The deeper significance of the work is methodological. Psychiatry has long sought better objective measures of mental states without reducing complex experiences to crude biomarkers. Digital tasks offer one possible middle path. They do not claim to directly read the brain, but they can quantify behavior in controlled settings that are difficult to recreate with questionnaires alone.

If successful, the NYU game would fit into that emerging category: brief, scalable, behavior-based instruments that translate cognitive or emotional theories into data. That could improve screening, support treatment monitoring, and help match symptoms to mechanisms more precisely.

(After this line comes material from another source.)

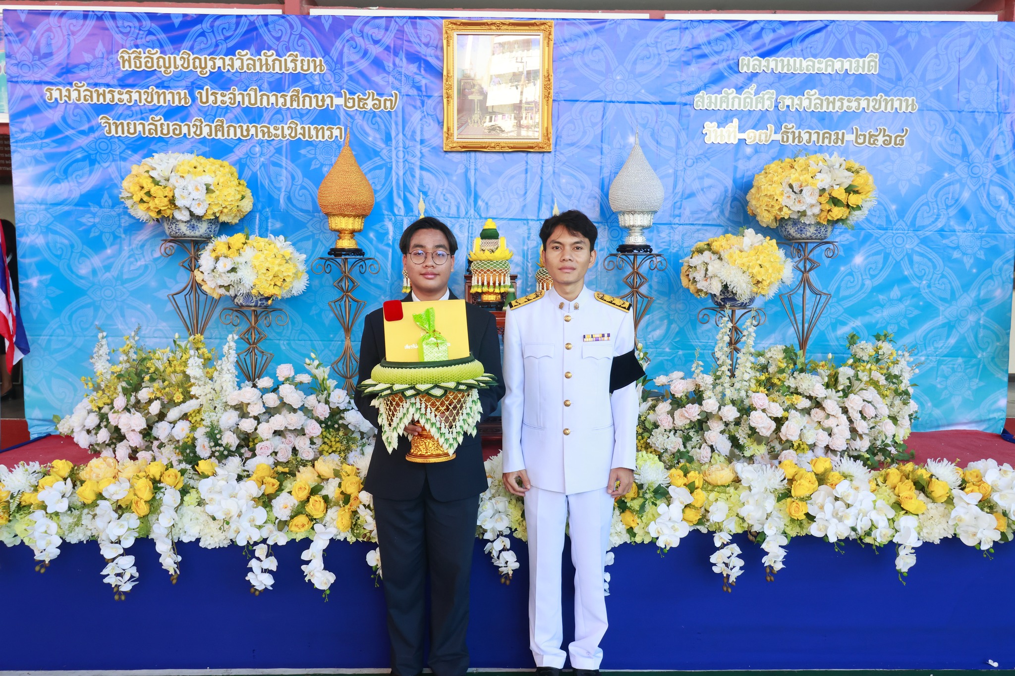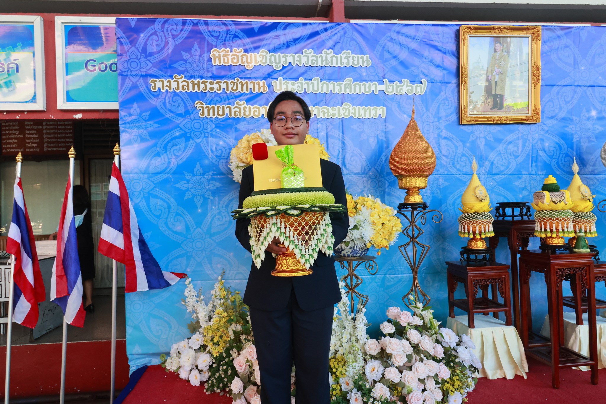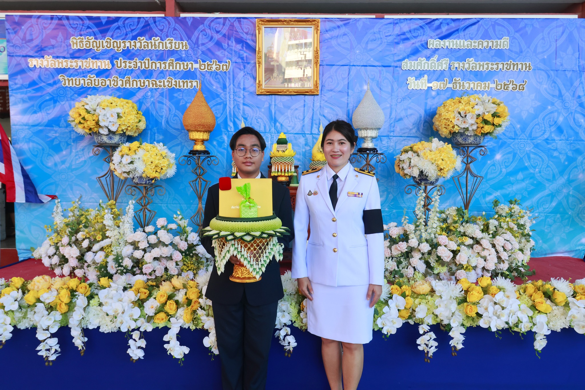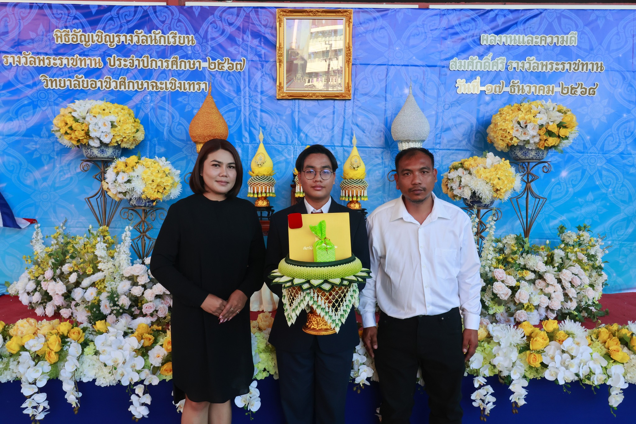 วิทยาลัยอาชีวศึกษาฉะเชิงเทรา ได้จัดพิธีอัญเชิญรางวัลนักเรียนพระราชทาน ประจำปีการศึกษา ๒๕๖๗ ณ บริเวณลานพุทธรักษา นำโดย ดร.สุพจน์ ทองเหลือง ผู้อำนวยการ (วิทยฐานะเชี่ยวชาญ) วิทยาลัยอาชีวศึกษาฉะเชิงเทรา พร้อมด้วยคณะผู้บริหาร คณะครู บุคลากรทางการศึกษา และนักเรียน นักศึกษา เข้าร่วมพิธีอย่างพร้อมเพรียง เพื่อแสดงความจงรักภักดีและร่วมแสดงความยินดีกับ นายยสินทร แซ่เตียว นักเรียนผู้ได้รับรางวัลอันทรงเกียรติ

For now, the strongest takeaway is that a carefully designed three-minute task produced meaningful differences between depressed and non-depressed participants in a study built around a core symptom of illness. That is enough to make the tool worth watching.

Depression remains one of medicine’s most common and disabling conditions. Any technique that can make it easier to detect a central feature quickly, consistently, and outside a specialist setting will attract attention. This game is not there yet, but it is aiming at a real clinical gap.